With the banking sector more robust, plans to establish a eurozone-wide deposit insurance scheme known as EDIS could advance "a step further", Nouy continued.

The European Commission in Brussels is keen to push forward with the scheme, but governments and lenders in wealthier, more stable countries like Germany and the Netherlands fear they will end up on the hook for upsets in nations like Italy or Greece with higher debt levels.

Meanwhile, the ECB's deputy banking supervision chief Sabine Lautenschlaeger warned that banks "must continue to prepare for any outcome, including a hard Brexit" if talks between London and Brussels on Britain's departure from the EU fail to reach an agreement.
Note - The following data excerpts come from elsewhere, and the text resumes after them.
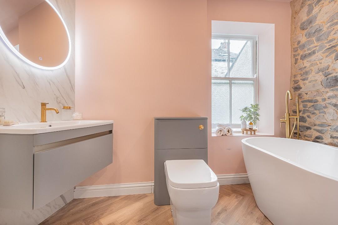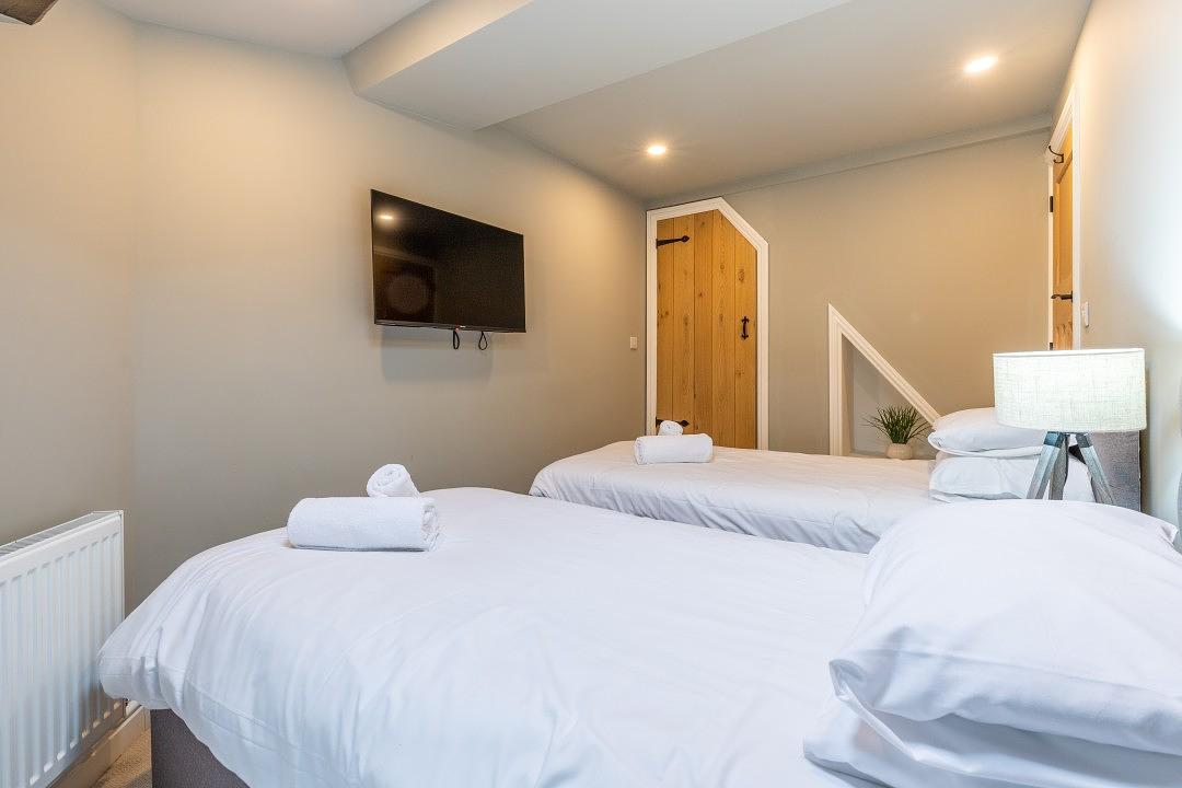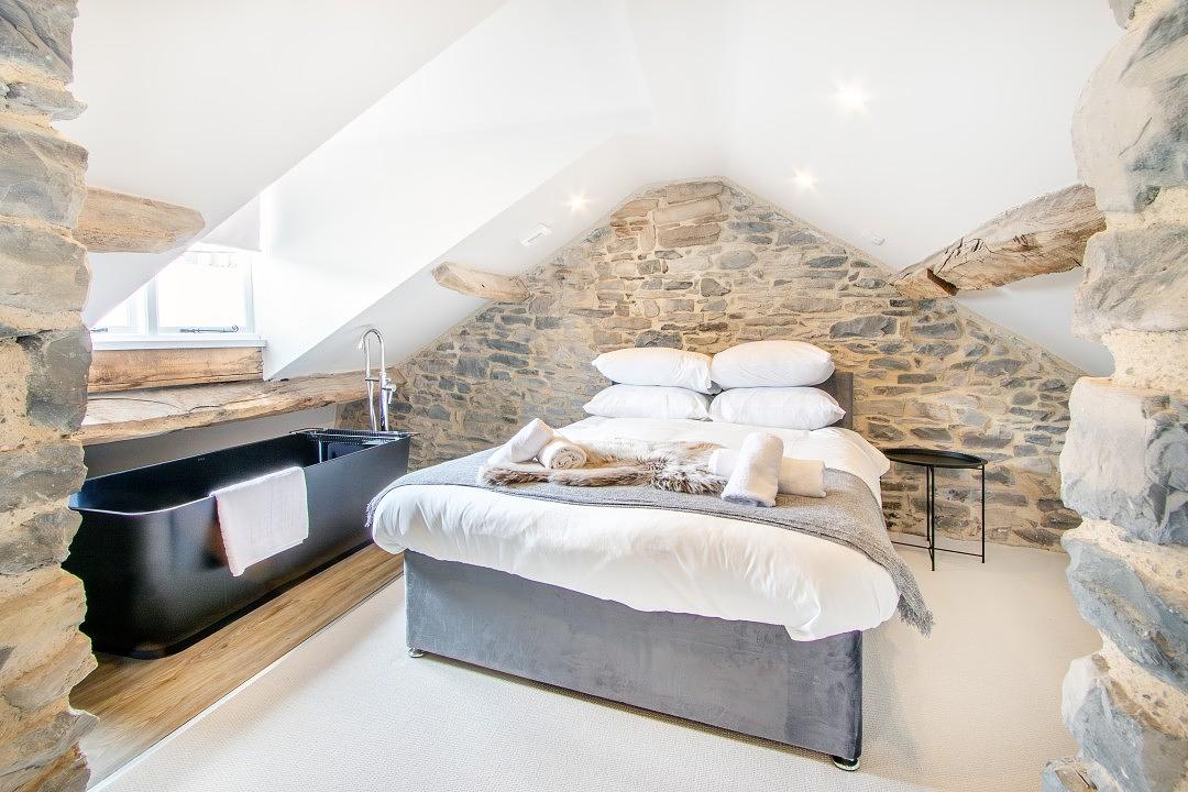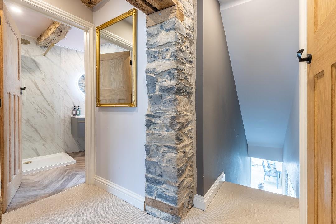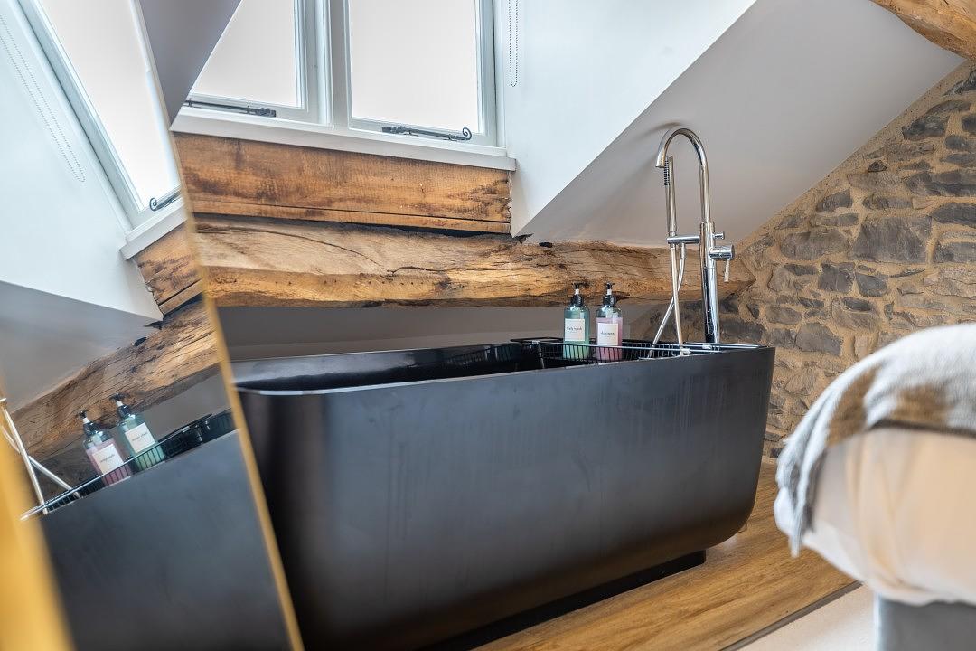 Upstairs, on the first floor, there are three stylish bedroom where deep comfort is ensurd. A handy twin room with two single beds, as well as the main bathroom with a freestanding bath and waterfall tap, separate shower, wash basin and WC. Ascend a second staircase to the top floor to find a lounge/ dressing area, elegant master bedroom with a freestanding luxury stone bath. There is also a wash basin and WC tucked off the dressing room.
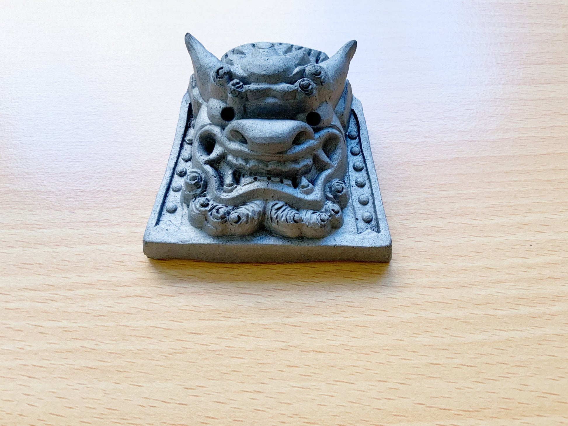 This ogre tile was made by Japanese roof tile craftman using the tool of bamboo and his hands.
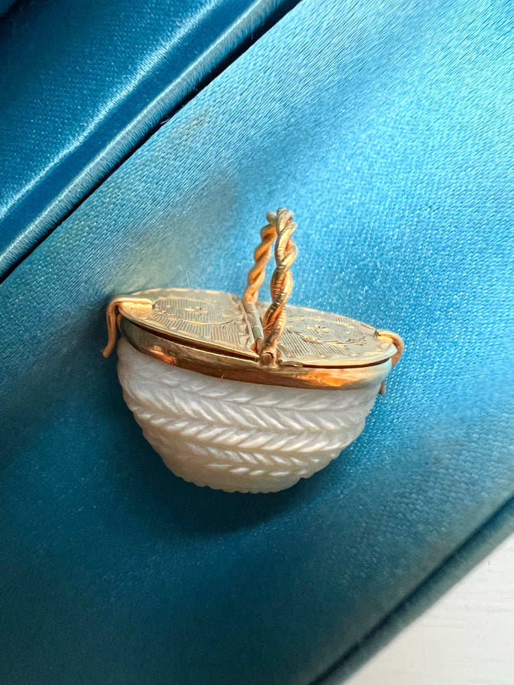 The basket is in excellent condition with a hinged high carat gold top that opens on both sides of a central hinge.
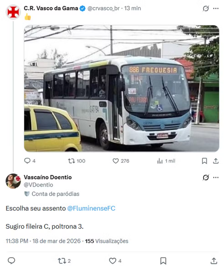 O cenário, porém, mudou na reta final. O Vasco reagiu com gol de Nuno Moreira, empatou com Spinelli e, já nos acréscimos, Thiago Mendes garantiu a virada em São Januário, levando a torcida ao delírio e dando combustível para a festa e as provocações nas redes sociais.
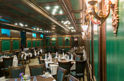 - Ресторан с интерьером начала XX века при одноименном отеле

Uncertainty still looms large over whether London-based lenders will retain their privileged access to EU markets after Britain leaves next year.

Eight have already submitted applications for a eurozone banking license while four others will "significantly extend their activities in the euro area," Lautenschlaeger said.

Any remaining banks must present their plans at the very latest by June, she added.

"We won't tolerate any empty shells," Lautenschlaeger said, reiterating supervisors' longstanding insistence that "banks need to establish sufficient local capabilities in areas such as pricing, trading, hedging and risk management" if they move onto the Continent.